DATA FOR REVIEW START
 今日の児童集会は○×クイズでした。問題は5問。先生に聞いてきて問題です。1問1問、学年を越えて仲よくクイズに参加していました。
DATA FOR REVIEW END
DATA FOR REVIEW START
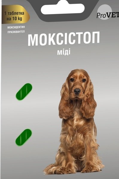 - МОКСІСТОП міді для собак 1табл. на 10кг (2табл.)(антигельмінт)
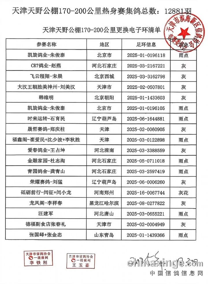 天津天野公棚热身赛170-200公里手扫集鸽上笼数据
DATA FOR REVIEW END
DATA FOR REVIEW START
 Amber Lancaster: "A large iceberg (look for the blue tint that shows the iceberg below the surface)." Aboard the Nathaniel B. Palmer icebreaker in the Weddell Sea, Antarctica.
DATA FOR REVIEW END
WHAT IS EXPECTED
From the listing above, repeat only the lines between the line containing "- МОКСІСТОП міді" and the line containing "天津天野公棚热身赛170-200公里手扫集鸽上笼数据", those two included. Pictures are not part of the copy.

SOLUTION FOR THIS TASK
 - МОКСІСТОП міді для собак 1табл. на 10кг (2табл.)(антигельмінт)
 天津天野公棚热身赛170-200公里手扫集鸽上笼数据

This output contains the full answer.